As a workaround, Page documented the elders’ teachings in her recent book, Gullah Geechee Adventures: Hoodoo Magick, which is about an elder who passed away and left her descendants a hoodoo magic book that included instructions on various herbal remedies. Through her storytelling, Page hopes to keep the ancestral practices alive and help destigmatize spiritual traditions that were demonized by slavery and colonialism.
‘Without good health, you can’t experience life’
Herbs have also linked Hutip with his elders throughout his life. When he was growing up as a child with asthma, his older family members taught him to drink natural medicines including life everlasting and chickweed to help clear his respiratory tract before he played outside. And as he began to develop a passion for the craft in high school, an elder in the neighborhood named Ms Mack became his first patient as he helped her manage her diabetes symptoms. Hutip instructed her to eat the dandelions in her yard to help heal her pancreas, eat raw string beans and drink tea with gymnema leaves to help regulate her blood sugar. After implementing the changes for several months, she eventually weened herself off insulin after having relied on it for decades. He recalled her saying: “This is your calling. This is what you got to do.”

After college and a visit to Ghana, where he learned to create tonics from bitter roots and herbs that aid in digestive health, Hutip decided to dedicate his life to herbalism. In 2012, he started Sacred Rootz and sold herbs out of a stall at a flea market in Charleston before eventually opening up a storefront in Summerville.
“Without good health, you can’t experience life,” Hutip said. “You can’t even fulfill your purpose.”
At his store, he sells more than 200 herbs imported from the Caribbean or that he has harvested from the nearby forest. He also hosts monthly classes to educate the local Gullah Geechee and Black communities on how to treat common illnesses including diabetes and high blood pressure with lifestyle changes and natural medicine.
“These doctors don’t really explain to them what is going on in their body, what it is, how you get it, how you can reverse it,” Hutip said. “And since they lack the information, they suffer because of it.”

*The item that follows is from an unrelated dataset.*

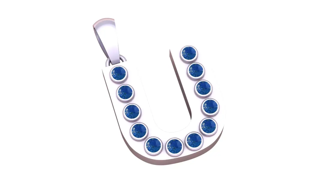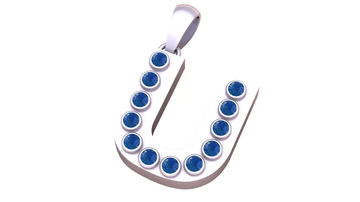 U Initial Gold Pendant Ruby Stone 3D PRINTABLE MODEL 3D print model
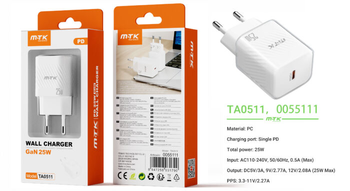TA0511 BL Cargador GaN de Red Rapida Mon con funda protector, 1 puerto Type-C PD, Sin Cable 25W/3A(Max), Blanco

In recent years, Hutip said, younger generations have visited his shop after hearing about the power of herbal medicine on social media. He uses it as an opportunity to teach them about some of the Gullah herbal traditions that were passed down to him by his elders. To keep the traditions alive, he is working on a children’s herbal book written in the Gullah Geechee language that’s about a girl who can communicate with plants and uses her power to help people heal their ailments through natural medicine.

At home, Hutip also imparts his skills to his children through regular lessons. During walks, he notes different plants and quizzes them on their names to ensure that the knowledge is carried on. The teachings have translated to his 10-year-old daughter’s playtime: she often whips up concoctions with various plants that she harvests in the yard and then seeps in cups of water, to which he’ll tell her: “You just made medicine.”
“They’re doing it subconsciously, because it’s something ancestral,” Hutip said. “So it’s just our job to point out what it is.”